In [1]:
from scratch.multiple_regression import inputs
from scratch.linear_algebra import dot, Vector

def predict(x: Vector, beta: Vector) -> float:
    """
    assumes that the first element of is 1
    """
    return dot(x, beta)

def error(x: Vector, y:float, beta: Vector) -> float:
    return predict(x, beta) - y

def squared_error(x: Vector, y:float, beta: Vector) -> float:
    return error(x, y, beta) ** 2

x = [1,2,3]
y = 30
beta = [4,4,4]

assert predict(x, beta) == 24
assert error(x, y, beta) == -6
assert squared_error(x, y, beta) == 36

def sqerror_gradient(x: Vector, y: float, beta: Vector) -> Vector:
    """
    Partial derivative of eaxh x point
    """
    err = error(x, y, beta)
    return [2 * err * x_i
            for x_i in x]

assert sqerror_gradient(x, y, beta) == [-12, -24, -36]

import random
import tqdm
from scratch.linear_algebra import vector_mean
from scratch.gradient_descent import gradient_step


def least_squares_fit(xs: list[Vector],
                      ys: list[float],
                      learning_rate: float = 0.001,
                      num_steps: int = 1000,
                      batch_size: int = 1) -> Vector:
    """
    Finds the beta that minimises the sum of squared errors
    assuming the model y = dot(x, beta)
    """
    # start with a random guess
    guess = [random.random() for _ in xs[0]]
    
    for _ in tqdm.trange(num_steps, desc='least squares fit'):
        for start in range(0, len(xs), batch_size):
            batch_xs = xs[start:start+batch_size]
            batch_ys = ys[start:start+batch_size]
            
            gradient = vector_mean([sqerror_gradient(x, y, guess)
                                   for x, y in zip(batch_xs, batch_ys)])
            
            guess = gradient_step(guess, gradient, -learning_rate)
    return guess

from scratch.simple_linear_regression import total_sum_of_squares

def multiple_r_squared(xs: list[Vector], ys: Vector, beta: Vector) -> float:
    sum_of_squared_errors = sum(error(x, y, beta) ** 2
                                for x, y in zip(xs, ys))
    return 1.0 - sum_of_squared_errors / total_sum_of_squares(ys)
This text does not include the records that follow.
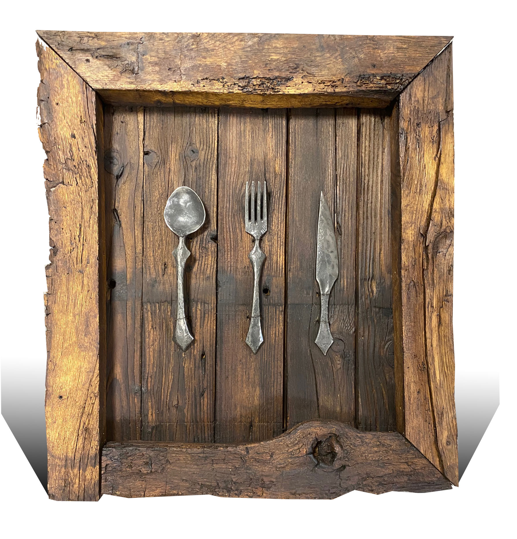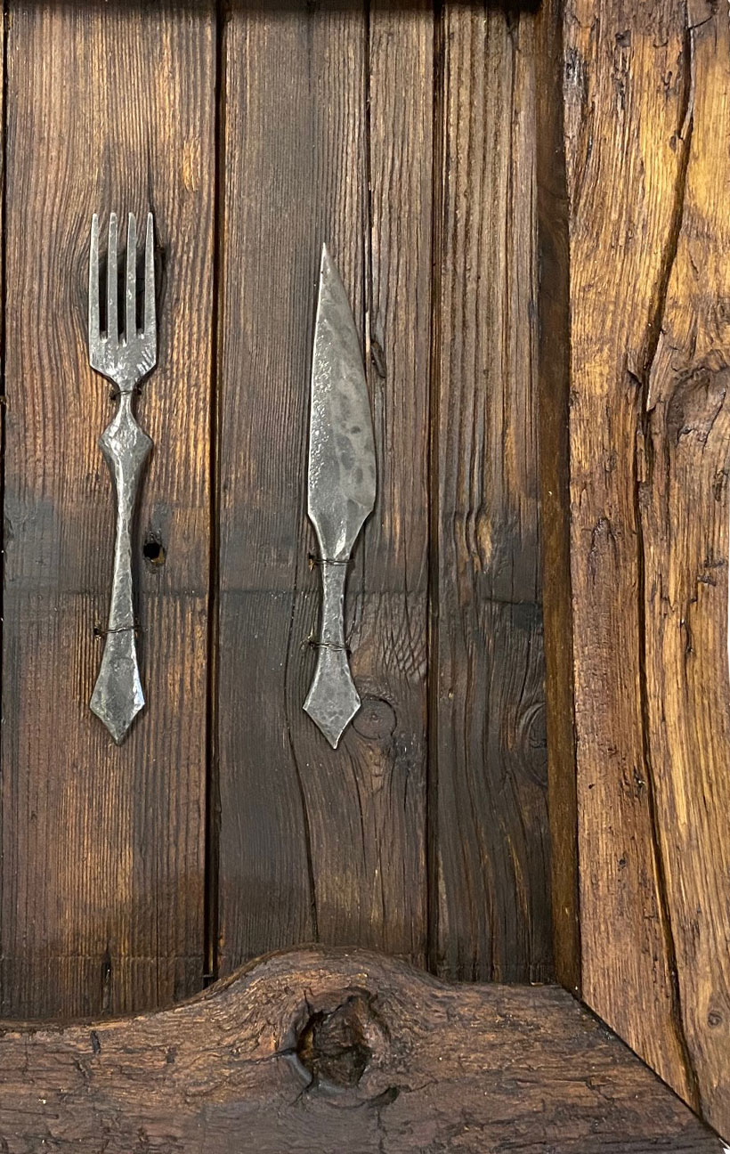 Drevený obraz vyrobený zo 100 ročného dreva namorený proti červotočom a ošetrený včelím voskom. Príbor je ručne ukovaný a ochránený voskom proti hrdzi. Každý kus sa môže líšiť a obrázok má informačný charakter pretože nie je možné aby každé drevo bolo rovnaké. Takže budete vlastniť originál , ktorý nemá okrem Vás nikto. Je to štýlový doplnok do domu, chaty alebo len ako úžasný darček.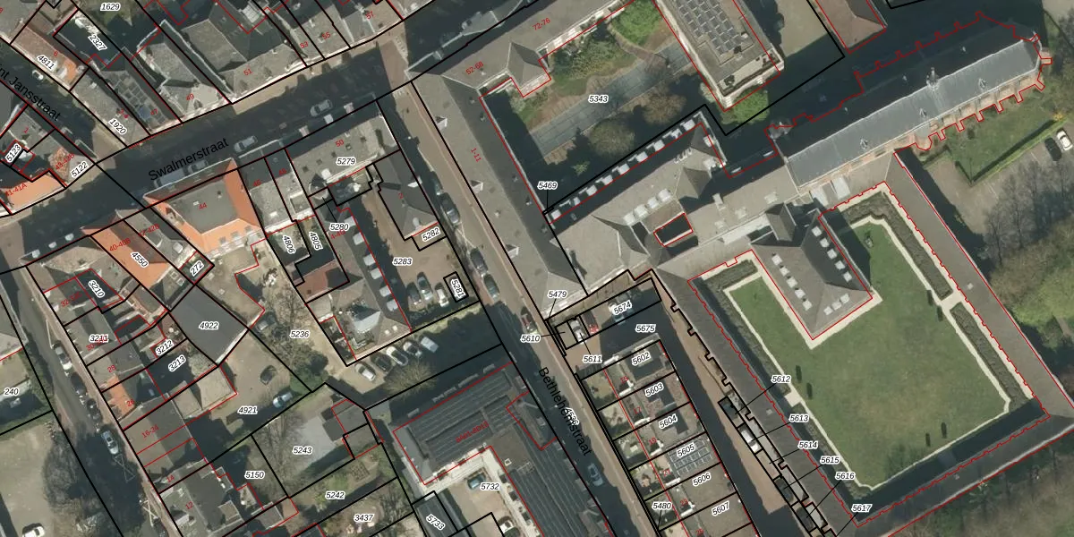 Bethlehemstraat 7 is gelegen op kadastraal perceel RMD00D5343. Deze kadastrale aanduiding is uniek en wordt gebruikt door het Kadaster om eigendomsrechten en andere zakelijke rechten vast te leggen. Het perceel maakt onderdeel uit van de kadastrale gemeente Roermond.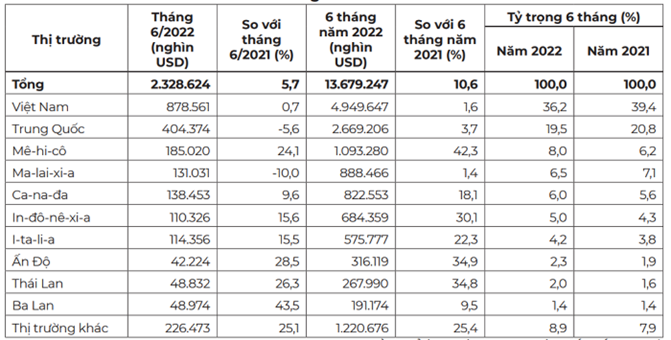 Trong đó, Việt Nam là thị trường cung cấp đồ nội thất bằng gỗ lớn nhất cho Mỹ, với trị giá chiếm 36,2% tổng trị giá nhập khẩu, giảm 3,2 điểm phần trăm so với cùng kỳ năm 2021. Tiếp theo là thị trường Trung Quốc chiếm 19,5%, giảm 1,3 điểm phần trăm.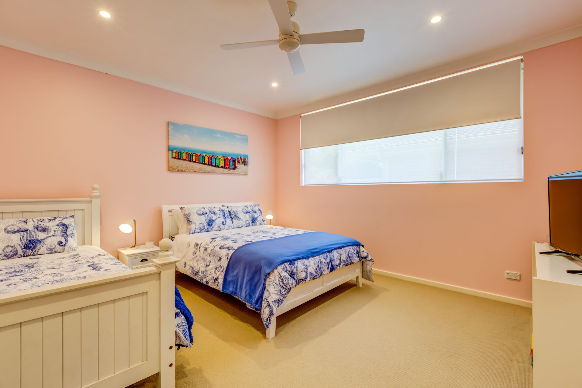 When you enter Harlequin Beach House you will find the bunk room immediately to your right and the laundry to your left. Further down the hall you will find the shared bathroom, plus a third toilet, the two bedrooms both with a queen and king single bed as well as the entrance to the courtyard and BBQ area. At the end of the hall is the master bedroom, with ensuite and king bed, as well as access to the verandah with views over the bay to wake up to. The open plan kitchen/dining/lounge area have views of the bay and access to the wide verandah, a perfect place to sit back and relax!

from typing import TypeVar, Callable

X = TypeVar('X')
Stat = TypeVar('Stat')


# using bootstrap to calculate the coeficients

def bootstrap_sample(data: list[X]) -> list[X]:
    """
    Randomly samples len(data) elements with replacement
    """
    return [random.choice(data) for _ in data]

def bootstrap_statistic(data: list[x], 
                        stats_fn: Callable[list[X], Stat],
                        num_samples: int) ->list[Stat]:
    """
    Evalates stats_fn on num_samples bootstrap samples from data
    """
    return [stats_fn(bootstrap_sample(data))
            for _ in range(num_samples)]


# example 101 points all cose to 100
close_to_100 = [99.5 + random.random() for _ in range(100)]

# 101 poibts, 50 close to 0, 50 near 200

far_from_100 = ([99.5 + random.random()] +
                [random.random() for _ in range(50)] +
                [200 + random.random() for _ in range(50)]
               )



from scratch.statistics import standard_deviation, median

medians_close = bootstrap_statistic(close_to_100, median, 100)
medians_far = bootstrap_statistic(far_from_100, median, 100)


assert standard_deviation(medians_close) < 1
assert standard_deviation(medians_far) > 90

# estimate the betas with bootstrap
# then estimate their standard errors

def estimate_sample_beta(pairs:list[tuple[Vector, float]]):
    x_sample = [x for x, _ in pairs]
    y_sample = [y for _, y in pairs]
    
    beta = least_squares_fit(xs=x_sample, ys=y_sample, 
                            num_steps=5000, batch_size=25)
    print("bootstrap sample", beta)
    return beta

random.seed(0)

from scratch.statistics import daily_minutes_good

# bootstrap_betas = bootstrap_statistic(list(zip(inputs, daily_minutes_good)),
#                                       estimate_sample_beta,
#                                       100)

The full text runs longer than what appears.